*** Opening DATASET ENTRIES ***

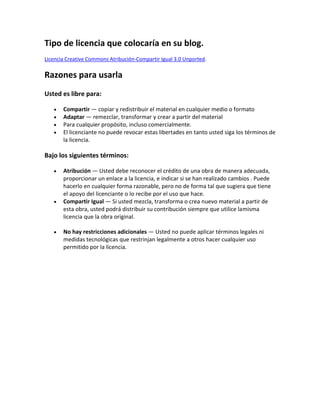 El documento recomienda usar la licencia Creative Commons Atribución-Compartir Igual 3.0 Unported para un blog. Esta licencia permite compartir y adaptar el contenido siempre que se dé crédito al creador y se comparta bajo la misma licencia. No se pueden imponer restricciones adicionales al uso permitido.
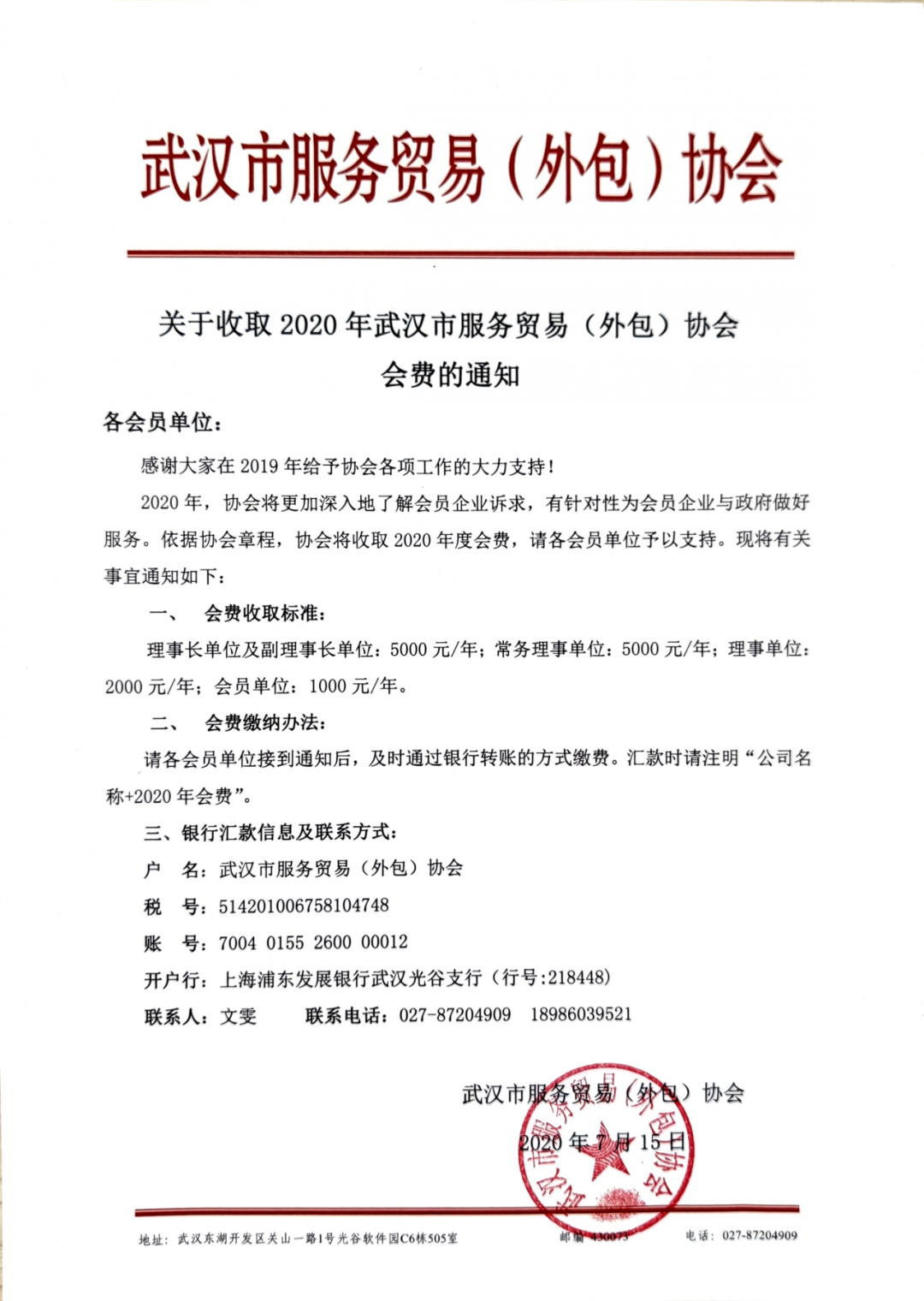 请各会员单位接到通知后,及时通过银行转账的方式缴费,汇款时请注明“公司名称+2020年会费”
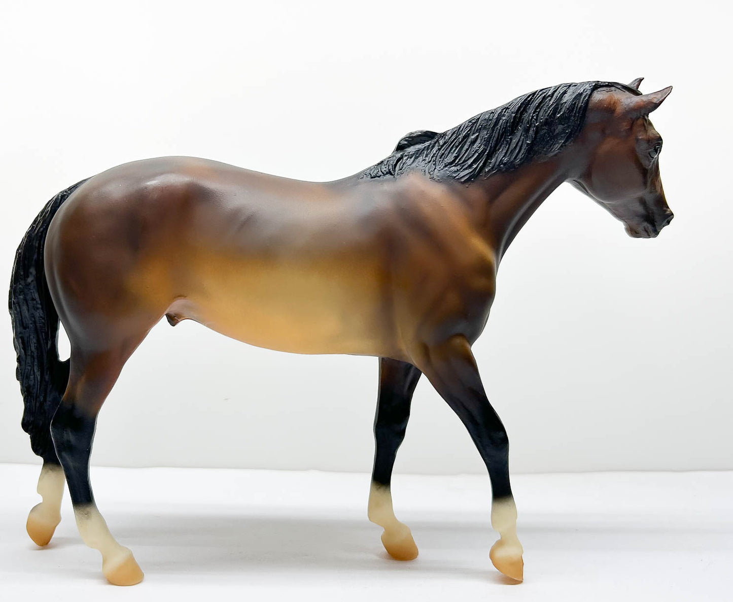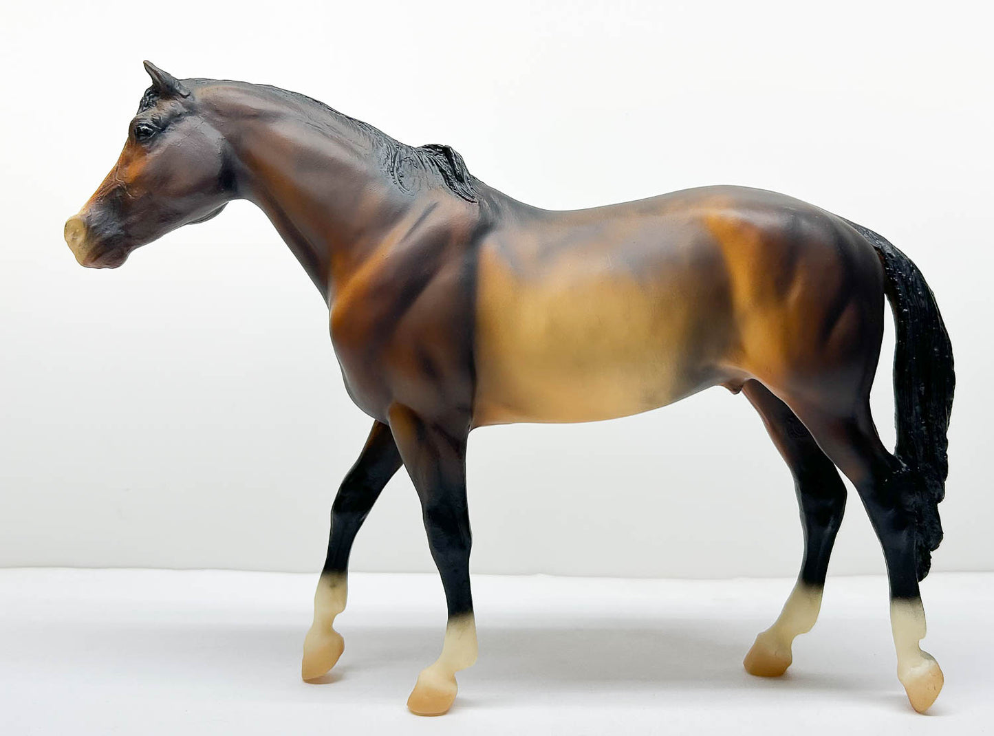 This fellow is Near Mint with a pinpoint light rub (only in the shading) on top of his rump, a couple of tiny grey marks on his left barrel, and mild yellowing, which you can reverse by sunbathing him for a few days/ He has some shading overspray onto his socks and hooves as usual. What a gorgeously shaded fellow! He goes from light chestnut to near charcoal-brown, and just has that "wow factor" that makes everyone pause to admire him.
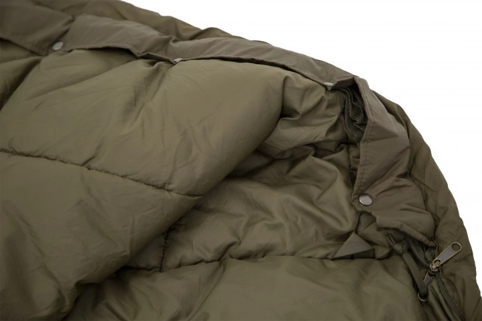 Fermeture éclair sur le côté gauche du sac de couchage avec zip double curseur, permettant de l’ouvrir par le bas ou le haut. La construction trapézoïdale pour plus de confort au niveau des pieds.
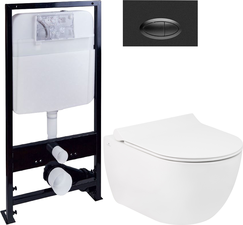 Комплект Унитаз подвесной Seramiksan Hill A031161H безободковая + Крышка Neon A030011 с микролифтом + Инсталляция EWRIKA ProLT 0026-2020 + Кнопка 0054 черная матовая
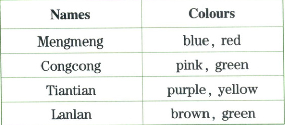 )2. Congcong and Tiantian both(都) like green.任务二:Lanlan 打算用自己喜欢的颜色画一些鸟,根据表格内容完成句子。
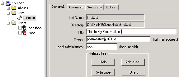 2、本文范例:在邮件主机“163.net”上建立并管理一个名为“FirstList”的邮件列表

*** Closing DATASET ENTRIES ***
*** Opening DATASET ENTRIES ***

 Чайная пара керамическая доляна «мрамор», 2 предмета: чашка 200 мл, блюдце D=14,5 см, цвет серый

*** Closing DATASET ENTRIES ***

* TRY IT *
Using the listing above, reproduce word for word every line from the one containing "This fellow is" through the one containing "Комплект Унитаз подвесной". Pictures must be left out.

* RESULT *
 This fellow is Near Mint with a pinpoint light rub (only in the shading) on top of his rump, a couple of tiny grey marks on his left barrel, and mild yellowing, which you can reverse by sunbathing him for a few days/ He has some shading overspray onto his socks and hooves as usual. What a gorgeously shaded fellow! He goes from light chestnut to near charcoal-brown, and just has that "wow factor" that makes everyone pause to admire him.
 Fermeture éclair sur le côté gauche du sac de couchage avec zip double curseur, permettant de l’ouvrir par le bas ou le haut. La construction trapézoïdale pour plus de confort au niveau des pieds.
 Комплект Унитаз подвесной Seramiksan Hill A031161H безободковая + Крышка Neon A030011 с микролифтом + Инсталляция EWRIKA ProLT 0026-2020 + Кнопка 0054 черная матовая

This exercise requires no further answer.